The latest figures (2013) from the U.S. Federal Bureau of Investigation suggest violent crime in the United States has fallen to its lowest level in years. Many law enforcement agencies are taking credit for the decline. But while violent crime is down, deadly police encounters - known as justifiable homicides - are rising.
The FBI reports violent crimes like murder, rape, assault and robbery dropped more than four percent in 2013. During that same period, however, police officers shot and killed more than 400 civilians in incidents known as justifiable homicides.
Bill Lewis, assistant director of the FBI's Los Angeles Division, says increased drug and gang activity has led to more deadly encounters with police.
"There are more than 30,000 known gangs in the U.S., including prison and motorcycle gangs. And more than a million gang members. Further, street gangs are responsible for approximately 48 percent of violent crime in their neighborhoods that they control," said Lewis.
According to official FBI reporting, there were nearly 500 police killings of felony suspects each year during a seven year period ending in 2013.

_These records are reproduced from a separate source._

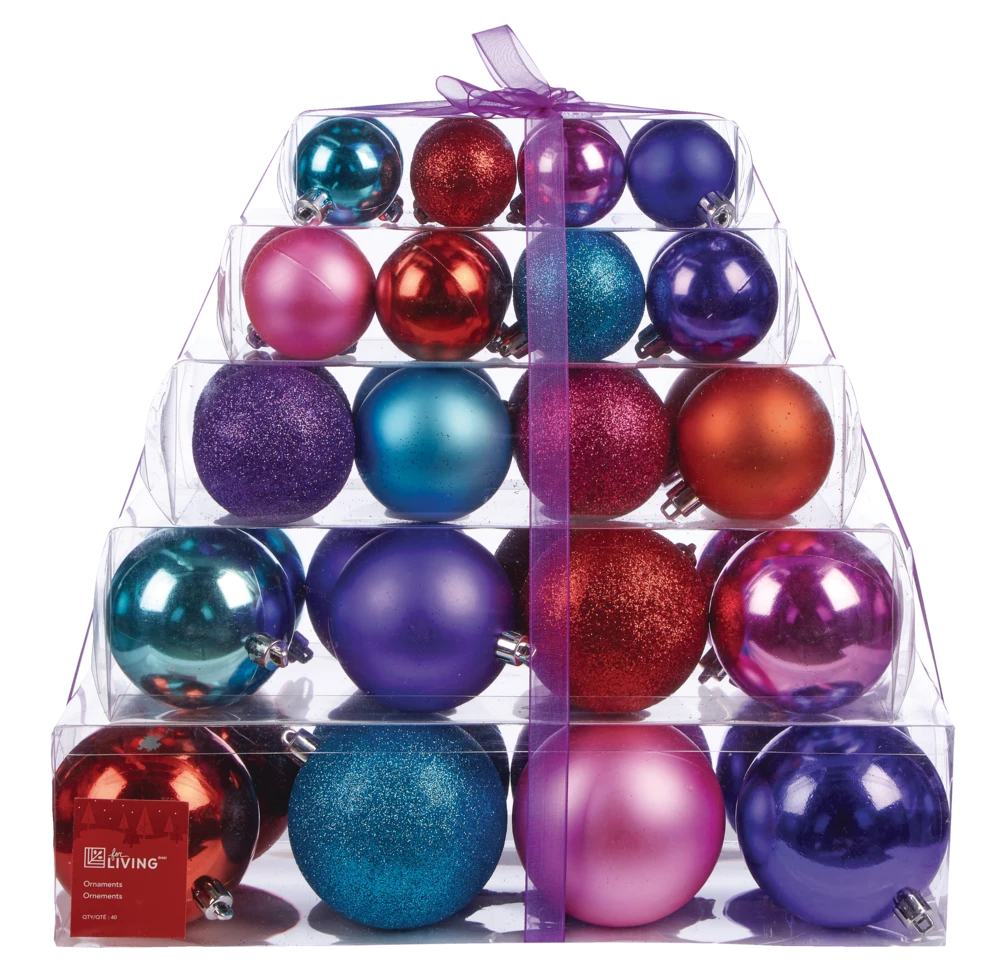 - The For Living Brights Decorative Ornaments Ball Set features 40 brightly coloured ball ornaments for decorating your tree, mantel, or holiday display
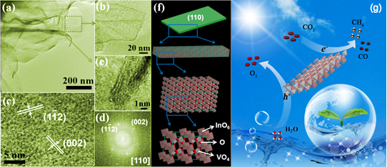 图 (a) InVO4超薄纳米片的透射电镜图像,(b)部分放大细节图,(c) 平铺面的高分辨电镜图,(d)相应的傅里叶转换图,(e) 侧面的高分辨电镜图,(f)纳米薄片的晶体模型, (g) 太阳能光催化转化CO2示意图。
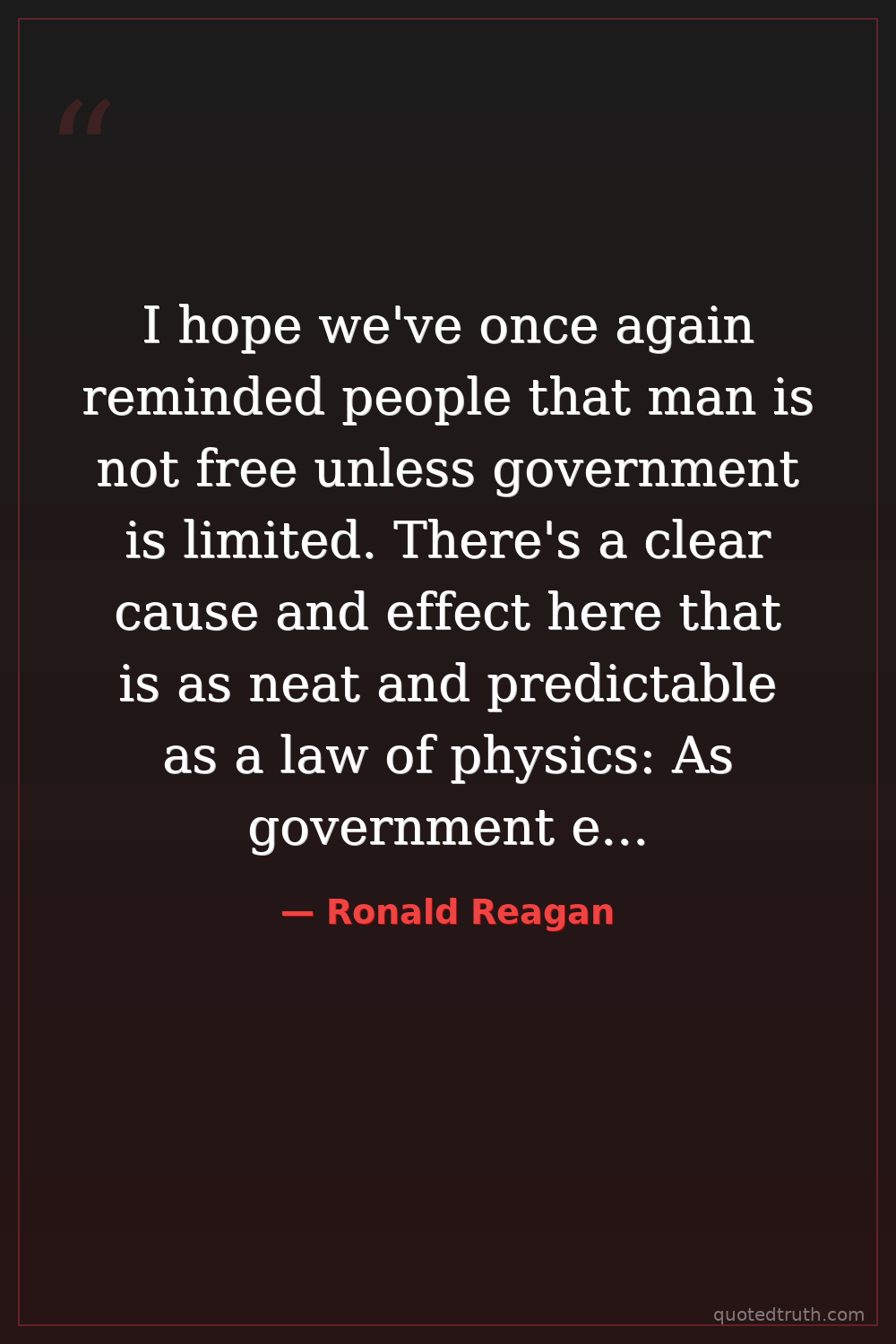 I hope we've once again reminded people that man is not free unless government is limited. There's a clear cause and effect here that is as neat and predictable as a law of physics: As government expands, liberty contracts.
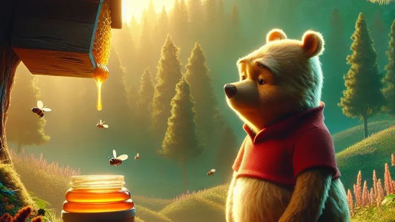 Kubuś Puchatek, przyjaciel z Stumilowego Lasu, próbuje zdobyć miód, ucząc się o przyjaźni i wsparciu w trudnych chwilach. ?✨
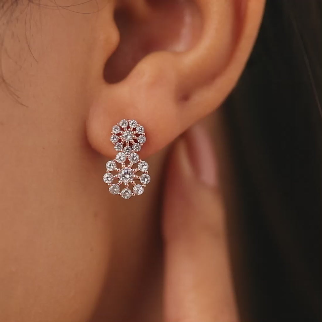 CZ Studded Rose Gold Plated 925 Sterling Silver Cluster Earrings
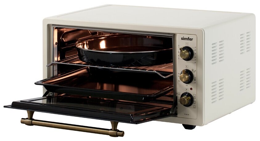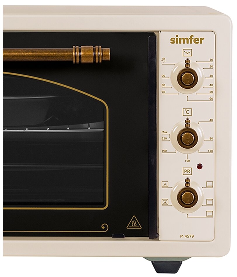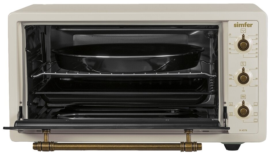 5 режимов работы; режим йогурт; ручка с защитой от нагревания; автоотключение; двойное стекло дверцы; при первом запуске рекомендуется протопить печь 45 минут при температуре 200 °C для прогорания заводской смазки; количество противней в комплекте: 2
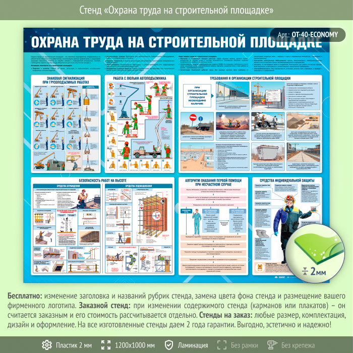 Стенд «Охрана труда на строительной площадке» (OT-40-ECONOMY) в Магнитогорске купить
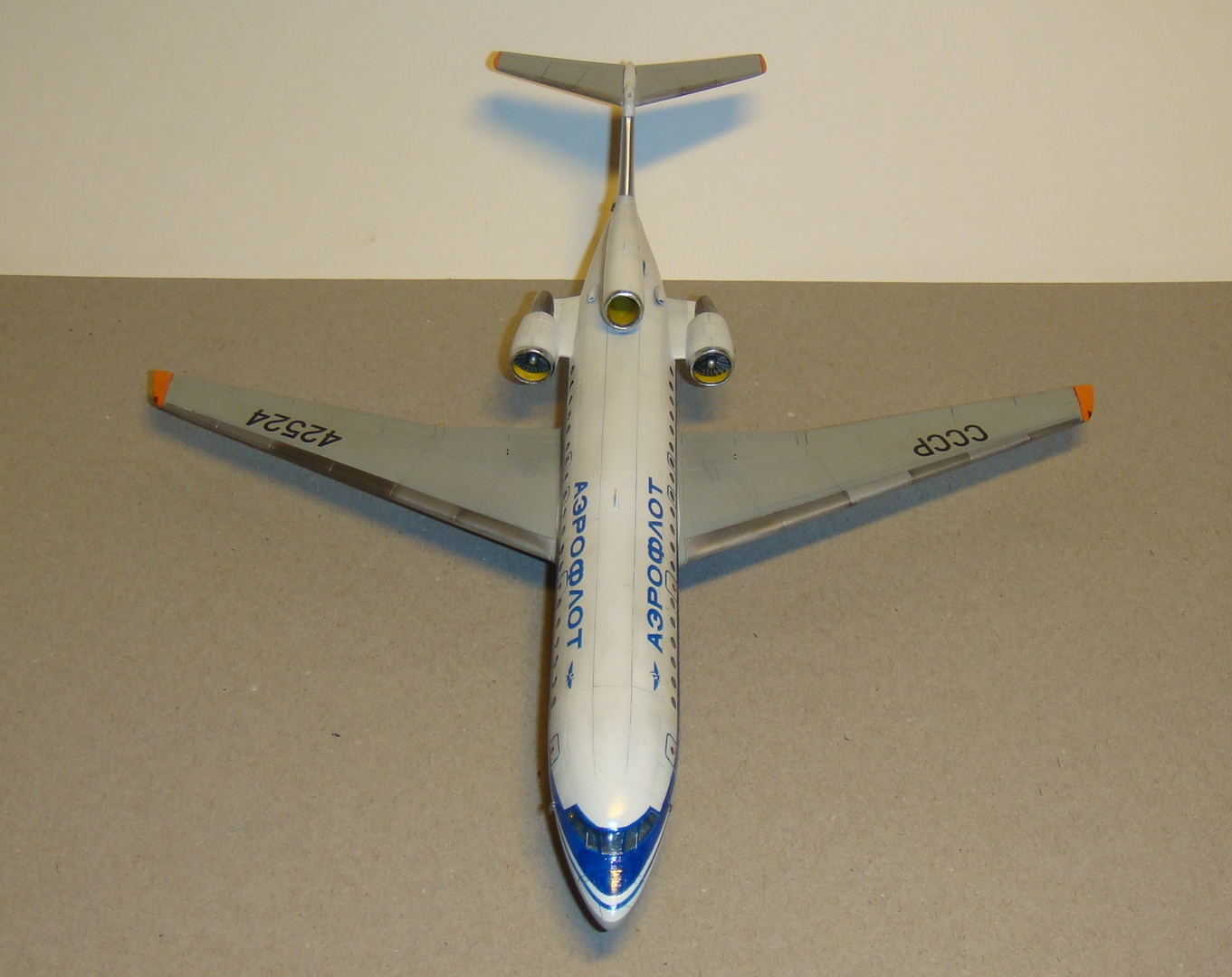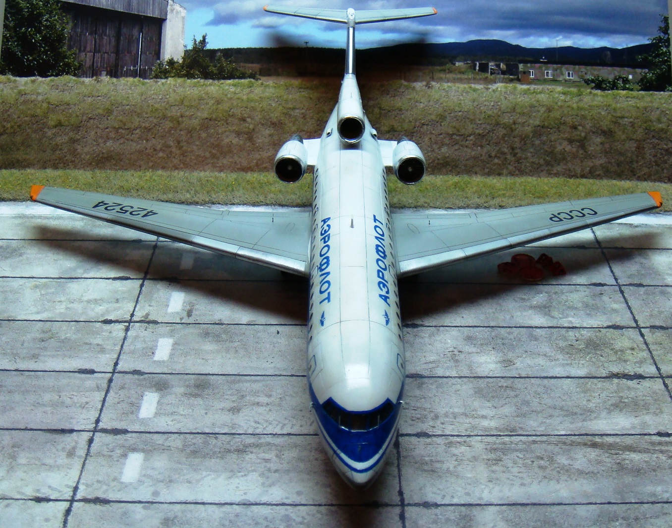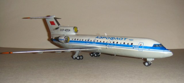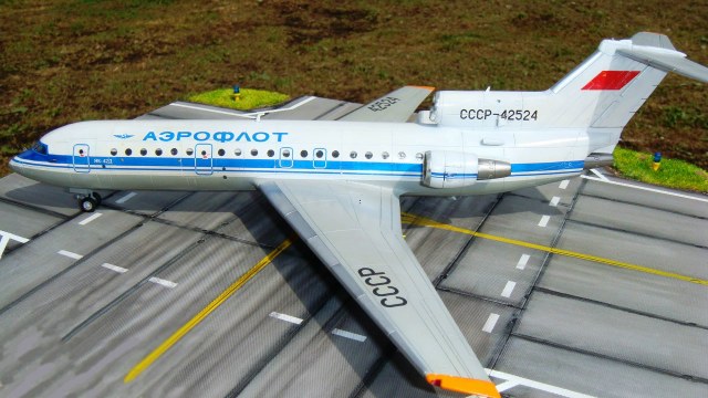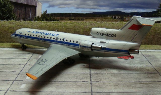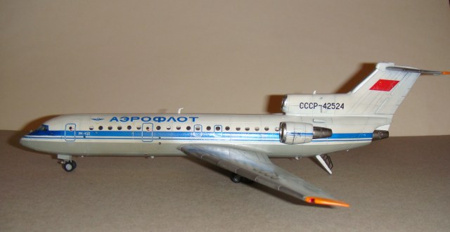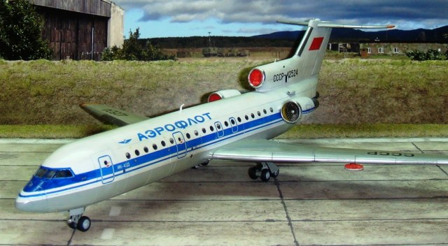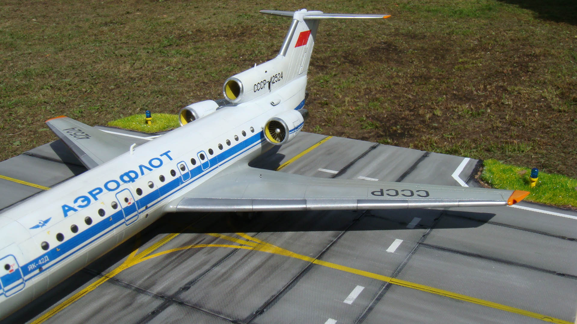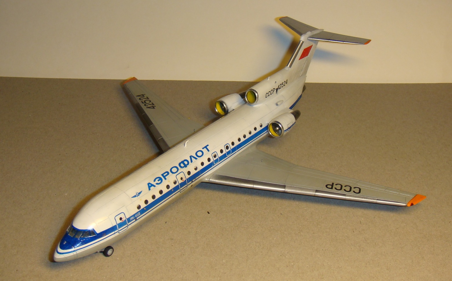 Доброго времени суток, уважаемые коллеги. Разрешите представить на всеобщее обозрение свою, модель известного самолёта Як-42Д СССР- 42524 в 144-ом масштабе от производителя Восточный Экспресс. Для тех, кому интересно, небольшая справка по самолету. Завод изготовитель: САЗ г. Саратов. Бортовой номер 42524, заводской номер: 11030603, дата выпуска: 23 сентября 1980 г .С самого начала эксплуатации находился в МГА Аэрофлот СССР, Быковского УГА . На 2010 год - самый старый из летающих Як-42. С июня 2012 года находится на хранении в ЛИИ. Решил сделать его так как стройка начиналась одновременно с Як-42 АЛК. Ну и конечно нужно было доделать эту модель. Сам процесс стройки не очень приятный. Все прекрасно знают наборы от Восточного Экспресса. "Геморрой " - еще тот. Подробно всю стройку описывать не вижу надобности из-за того, что абсолютно все детали данного набора надо точить, пилить, шпаклевать, обрабатывать и приводить в приличный вид. Обработке подверглось ВСЁ. Остекление пилотов делал из набора дополнения AWM для Як-42. Остекления иллюминаторов залил изнутри жидкой прозрачной смолой, которая хорошо обрабатывается и полируется и самое главное не меняет свою прозрачность. Родное остекление иллюминаторов были отправлены в помойку. На этой модели, решил в первый раз, сделать открываемый задний входной трап, вроде получилось. БАНО,Фары и Проблесковые от Эльф. грунтовал Мистер Хобби 1200. Красил Тамией акрил матовый. Глянцевый лак. Декаль самодельная. Фото, как всегда, не получились. Выкладываю фото которые посчитал более удачными. Переснимал модель раза четыре, поэтому разные фоны. В заключении немного фото готовой окрашенной модели. Сразу прошу прощения и не судите строго за качество фото, я не фотограф, да и фотоаппарата хорошего нет, только "мыльница". Приятного просмотра. С уважением. Андрей
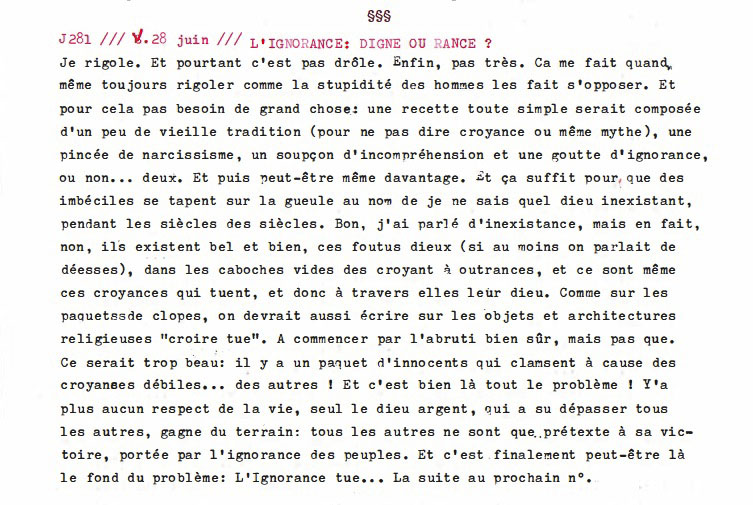 Je rigole. Et pourtant c'est pas drôle. Enfin, pas très. Ça me fait quand même toujours rigoler comme la stupidité des hommes les fait s'opposer. Et pour cela pas besoin de grand chose: une recette toute simple serait composée d'un peu de vieille tradition (pour ne pas dire croyance ou même mythe), une pincée de narcissisme, un soupçon d'incompréhension et une goutte d'ignorance, ou non… deux. Et puis peut-être même davantage. Et ça suffit pour que des imbéciles se tapent sur la gueule au nom de je ne sais quel dieu inexistant, pendant les siècles des siècles. Bon, j'ai parlé d'inexistence, mais en fait, non, ils existent bel et bien, ces foutus dieux (si au moins on parlait de déesses), dans les caboches vides des croyant à outrances, et ce sont même ces croyances qui tuent, et donc à travers elles leur(s) dieu(x). Comme sur les paquets de clopes, on devrait aussi écrire sur les objets et architectures religieuses "croire tue". À commencer par l'abruti bien sûr, mais pas que. Ce serait trop beau: il y a un paquet d 'innocents qui clamsent à cause des croyances débiles… des autres ! Et c'est bien là tout le problème ! Y'a plus aucun respect de la vie, seul le dieu argent, qui a su dépasser tous les autres, gagne du terrain: tous les autres ne sont que prétexte à sa victoire, portée par l'ignorance des peuples. Et c'est finalement peut-être là le fond du problème: L'Ignorance tue… La suite au prochain n°.
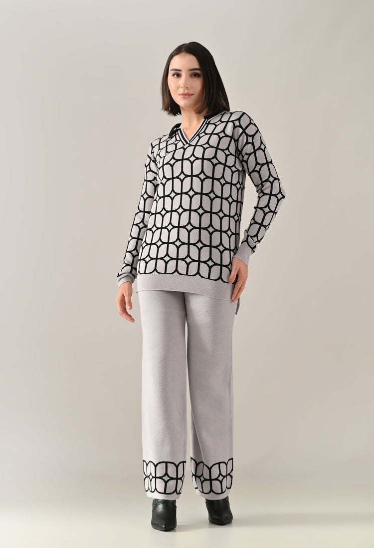 A chic sweater-knitted co-ord set featuring a collared V-neck top with long fitted sleeves and rib detailing at the hem and sleeve openings. Designed with a high-low front and back hem and side slits for a modern silhouette. The straight solid lower include a broad elasticated waist and ribbed hem, offering a perfect blend of style and comfort. Showcasing geometric pattern, this set is crafted from soft, comfortable, and stretchable fabric, ideal for a cozy yet elegant look.
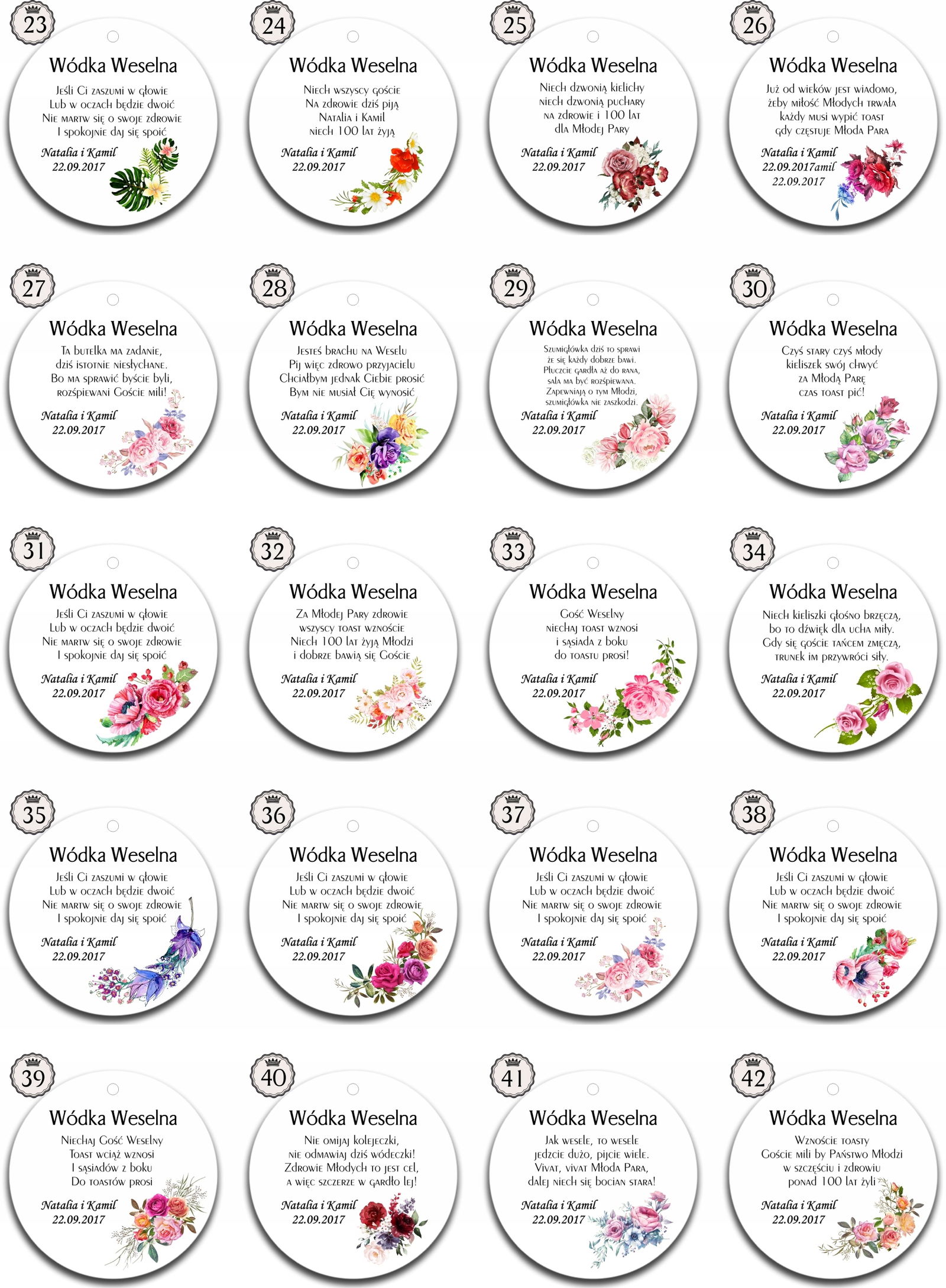 ZAWIESZKI na alkohol wódke ETYKIETY 50 szt ślub PR 624
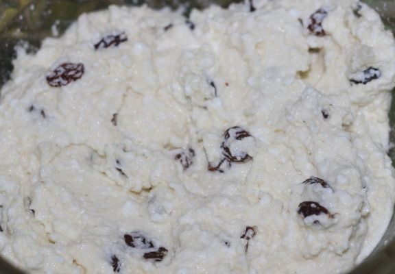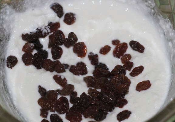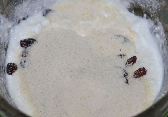 - Doe vanilline, honing in de massa en meng de inhoud grondig tot een gladde massa. Giet er twee eetlepels rozijnen in.
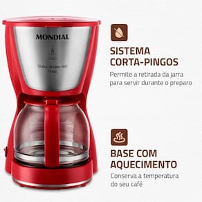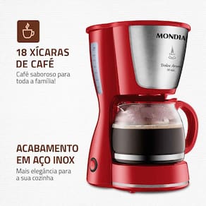Cafeteira Elétrica Dolce Arome Mondial Vermelho/Inox 550W 220V C-35 18X Comece seu dia com aroma e sabor! A Cafeteira Elétrica Mondial Dolce Arome C-30-18X tem capacidade para servir até 18 xícaras de café. Possui filtro permanente e porta-filtro removível que proporcionam mais sustentabilidade ao meio ambiente. Para conservar a temperatura, conta com jarra de vidro e base com aquecimento. Com design elegante e compacto, é ideal para valorizar o seu cantinho do café. Saiba mais sobre a Dolce Arome C-30-18X da Mondial:
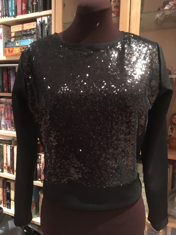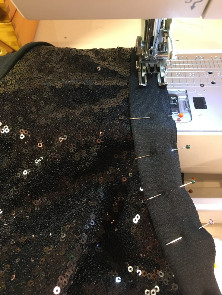 I also ramped up the glam by cutting the front bodice piece out of black sequins. This fabric is actually the remnants from my Christmas party top last year, so I’m happy with using some of it up.
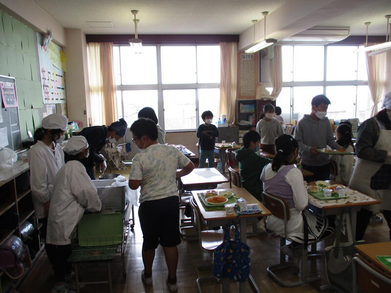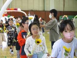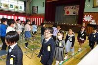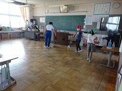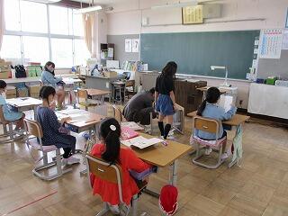 した。1年生から6年生までが縦割り班(なかよし班)を作り、協力して

But that number comes from only 750 of the 17,000 law enforcement agencies nationwide, because reporting police killings to Washington is voluntary.
Some analysts claim the report undercounts fatal police encounters with civilians, and the actual number could be as high as 1,000.
National Urban League President Marc Morial said lowering that number may mean changing the way the police do their job.
"So the changes we seek obviously are a shift away from what I would call a broken windows [increased police action for small crimes] or stop-and-frisk approach to policing, to more of a community policing model, which focuses on violent crime but also which builds relationships between police and the communities that they serve," said Morial.
The shooting of unarmed black teenager Michael Brown by white Ferguson police officer Darren Wilson was not an insolated event. African Americans make up a large majority of people killed by police. Public policy expert Elsie Scott said the core of the problem is the way black men and other minorities are perceived by many police officers.
"There are many great police officers out there. I think many of the police officers who work directly in high crime communities often see nothing but some of the negative elements and so their perceptions of African-American young men, their perception of Latino young men often may get tainted by the job that they are doing," said Scott.
Madye Henson, who has trained thousands of police officers, said law enforcement agencies need to examine ways of reducing deadly force.
"I think that what you have seen in some of those communities that have seen a decrease in those police killings in that process is a different level of engagement, with those that police community there is a different level of engagement with the community," said Henson.
Henson said furthering policing reforms should increase trust between officers and civilians while reducing the frequency with which police use deadly force.